Moreover, before the advent of modern logging, Northern California and the Pacific Northwest housed an “unprecedented carbon budget,” according to Jerry Franklin, a University of Washington professor of ecosystem analysis who is known as “the father of old-growth research.” As Franklin explained at a conference sponsored by Pacific Forest Trust in Arcata in August 2014, the conifer-dominated Pacific temperate rainforest, which runs from Prince William Sound in Alaska through the British Columbia coast to California’s Central Coast, contains the largest mass of living and decaying material of any ecosystem in the world. Redwood forests, he noted, exceed the capacity of any on Earth to store carbon “by a factor of three or four.” The mixed Douglas fir and hardwood forests that grow adjacent to the redwoods, as well as the montane-mixed conifer ecosystems of the Cascades and Sierra mountain ranges (where Sierra Pacific Industries conducts its clear-cuts), among other forests of the so-called “Pacific Slopes,” also play a notable role in regulating atmospheric carbon.

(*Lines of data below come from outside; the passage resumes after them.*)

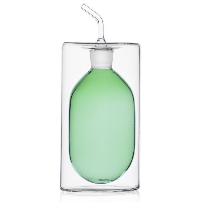 Ichendorf Milano 'Cilindro Colore' dubbelwandige olie- en/of azijnfles (250 ml) van helder en transparant glas aan de buitenzijde en met groengekleurd glas aan binnenkant. Gevuld geeft deze fles een bijzonder effect door de dubbelwandige uitvoering. Eigentijds fijn Italiaans glaswerk gemaakt van duurzaam borosilicaatglas. Ontwerper: Corrado Dotti
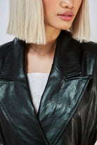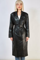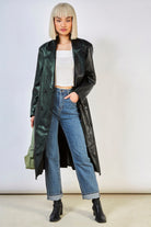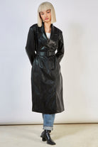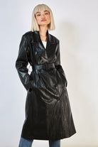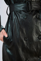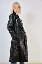 Black vegan leather trench coat
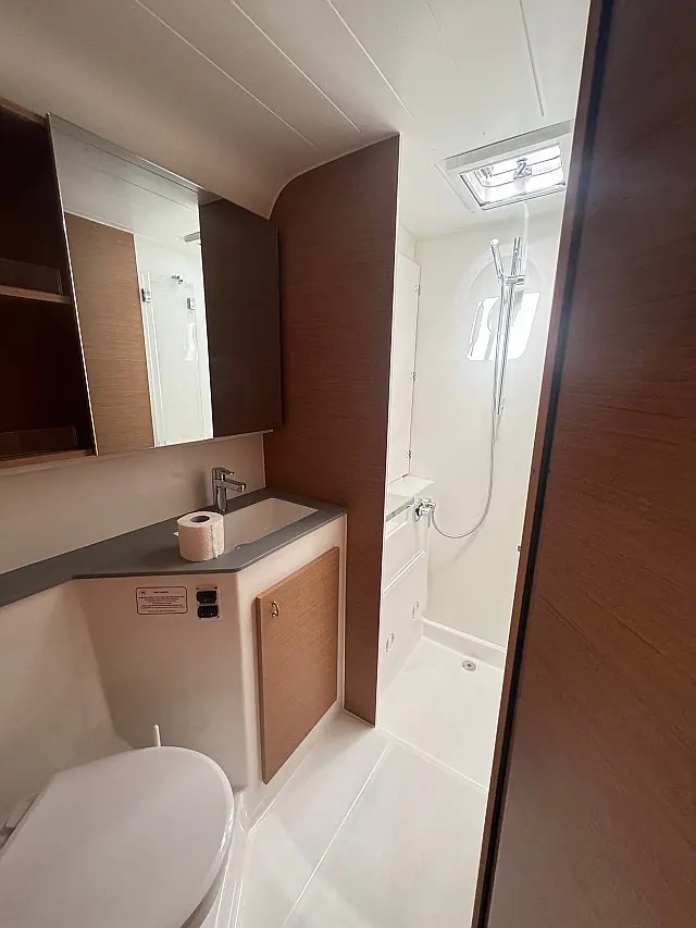 Air condition , Bimini , Cockpit cushions , Cockpit speakers , Dinghy , Refrigerator , Electric toilet , Generator , Heating , Holding tank , Inverter , Outboard engine , Solar Panels , Wi-Fi & Internet , Coffee maker
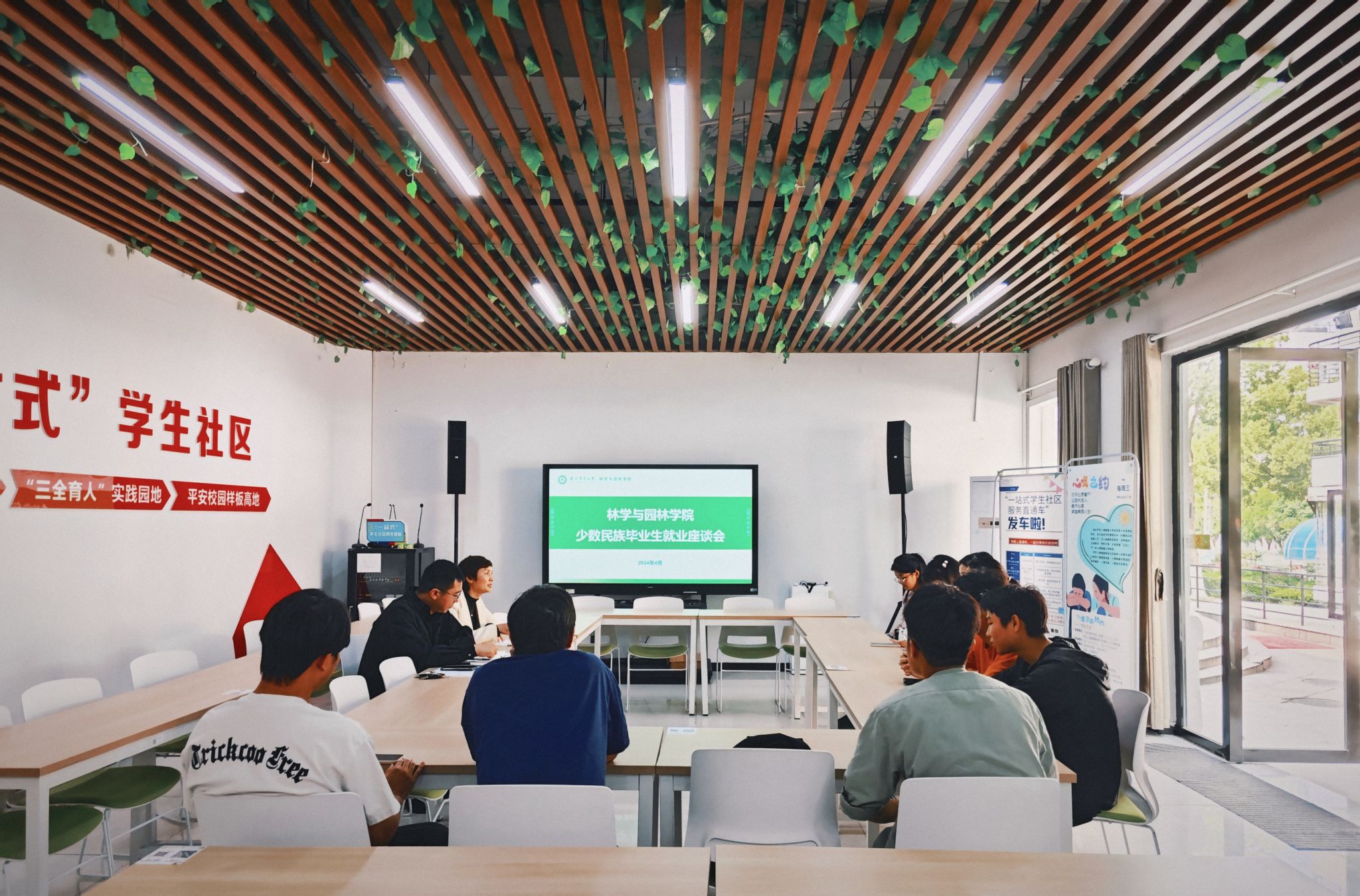 本网讯 为扎实推进2024届少数民族毕业生就业工作,了解少数民族毕业生求职过程中的困惑与需求,进一步加强学院少数民族毕业生就业指导与服务工作,4月23日中午,林学与园林学院在“一站式”学生社区召开了2024届少数民族毕业生就业工作座谈会。学院党委副书记夏利明、专职辅导员、少数民族毕业生参加会议。
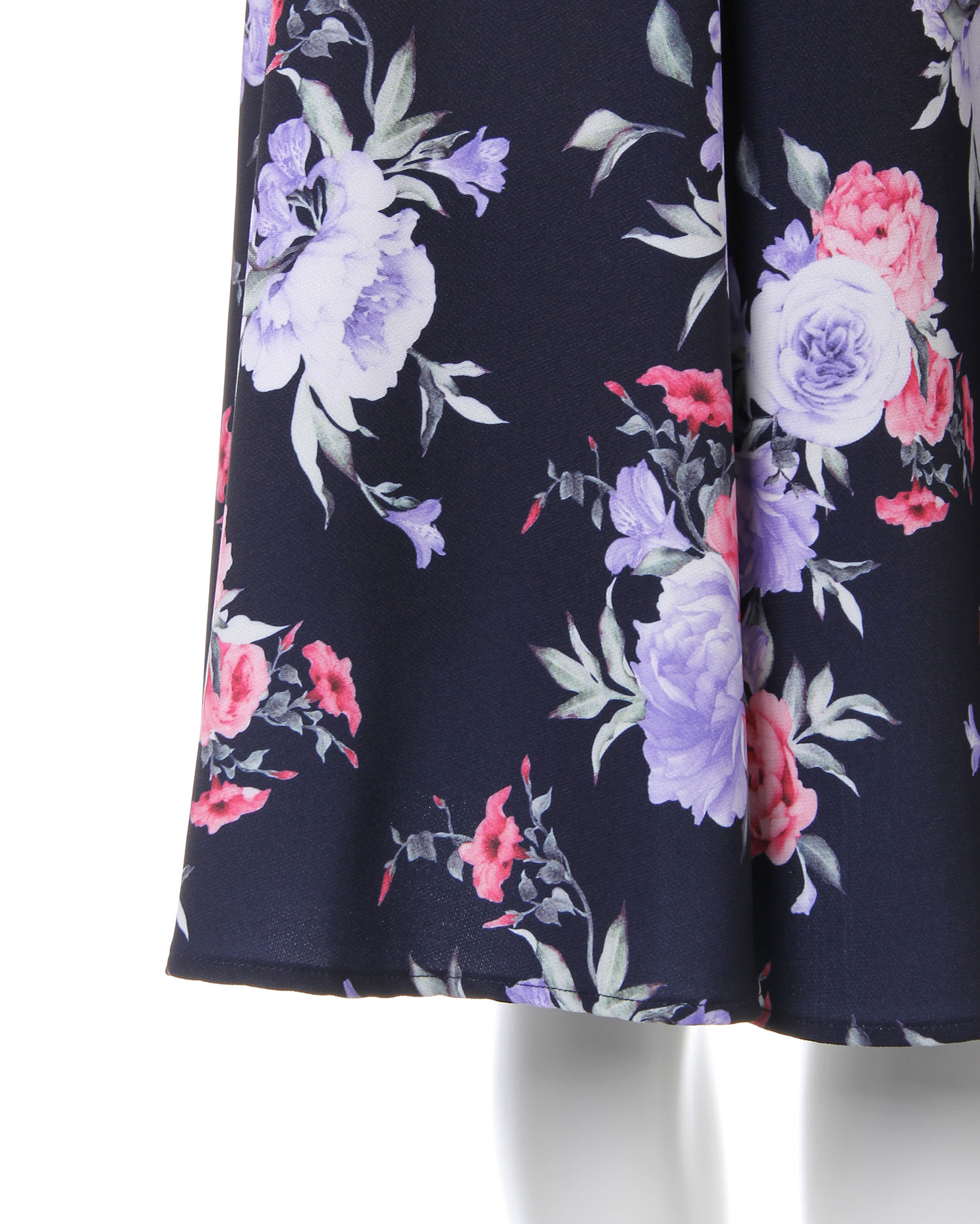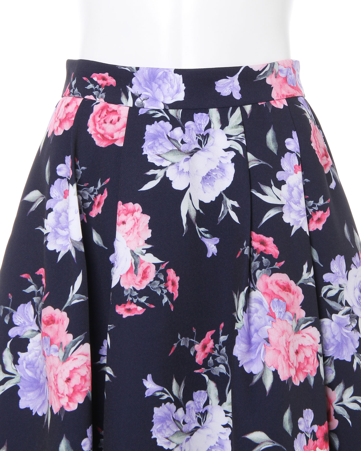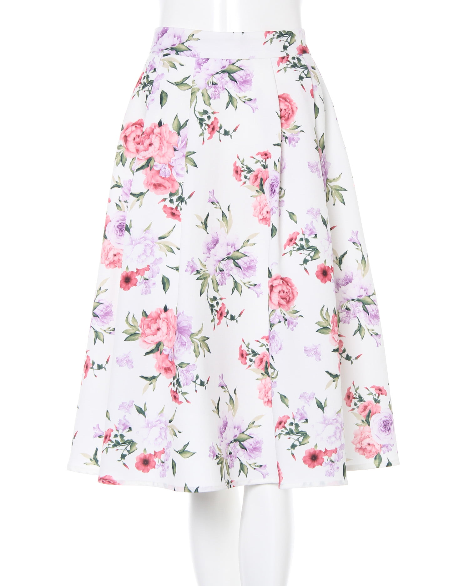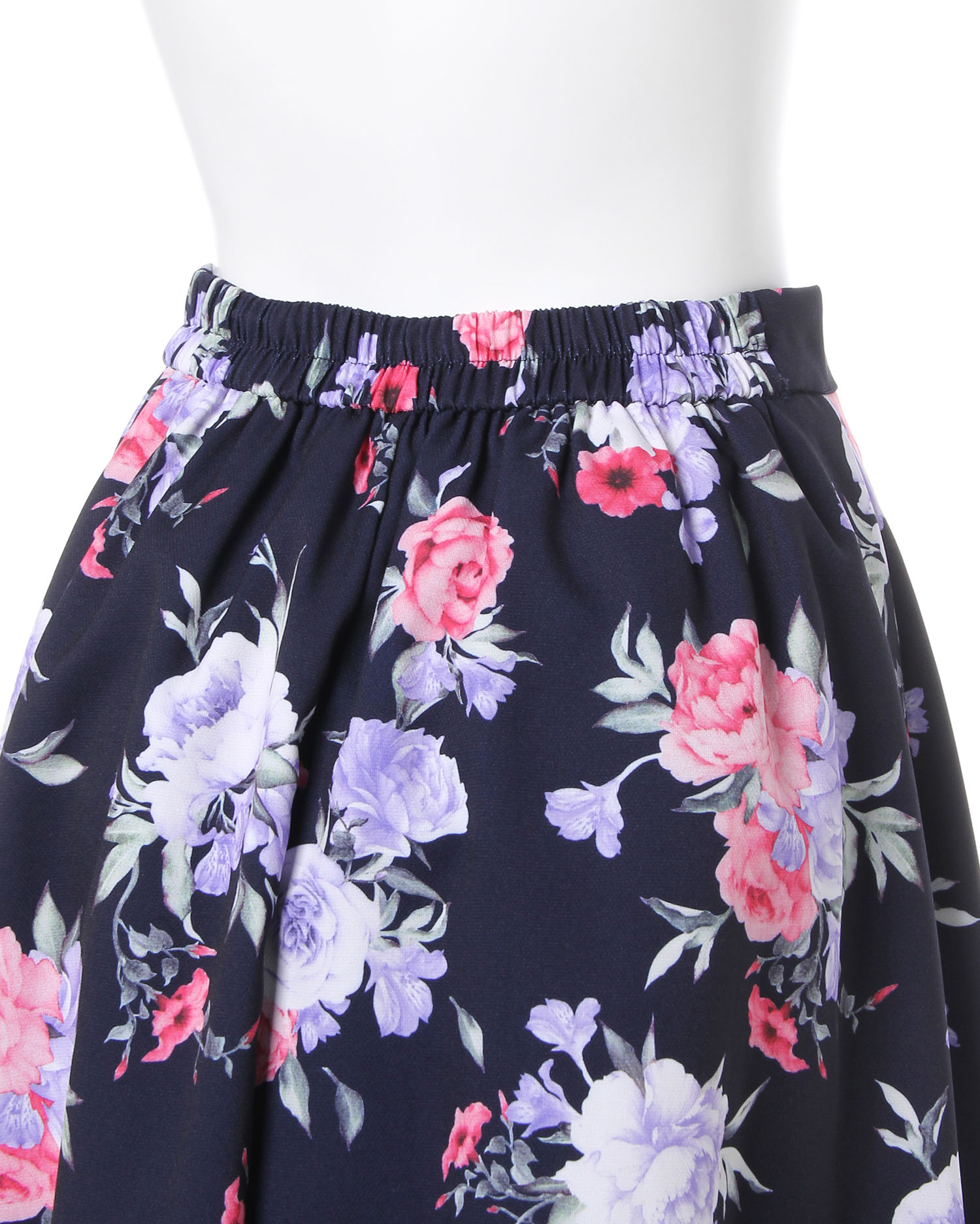 まるで水彩画のような大花プリントが大人レディなミディ丈のスカート。鮮やかなカラー使いがコーディネイトを華やかに彩ります。ウエスト下のタックから広がるフレアシルエットが美ラインを演出。バックウエストはゴムになっているので脱ぎ穿きも楽ちんです。ハリ感のある生地はシワになりにくく、オフィスシーンにもおすすめ。程よい厚みの生地でシーズン長く活躍します。

But while much global attention has focused on emissions caused by deforestation in the Global South, the United States has broadly failed to prevent degradation of its own forests in the name of fighting climate change. For example, the US Department of Agriculture has determined that the Tongass National Forest in southwestern Alaska — the world’s largest continuous stretch of temperate rainforest — accounts for 8 percent of all forest carbon stored in the United States. But a plan approved by the Obama administration will allow an estimated 676,000 acres of old-growth in the forest to be logged in the next ten years. The administration has promised to transition away from old-growth logging after that, but the phase-out won’t be complete for another fifteen years.
Last month, Dominick DellaSala, president and chief scientist of the Geos Institute in Ashland, Oregon, conducted a climate assessment of Oregon’s forestry practices and determined that logging and clear-cutting were emitting roughly the same amount of greenhouse gases as those produced each year by 2 million vehicles, or seven coal-fired power plants. That makes forestry one of the biggest polluters in the state. Yet Oregon — like other US states — has failed to account for these emissions in its climate mitigation planning.
“Oregon has not done proper accounting,” said DellaSala, who is also president of the Society for Conservation Biology’s North America Section, in an interview. “They’ve been unquestioningly accepting what the timber industry is saying, which is, ‘We’re a net sink for carbon.'” DellaSala was referring to the fact that the industry maintains that it sequesters more carbon than it emits.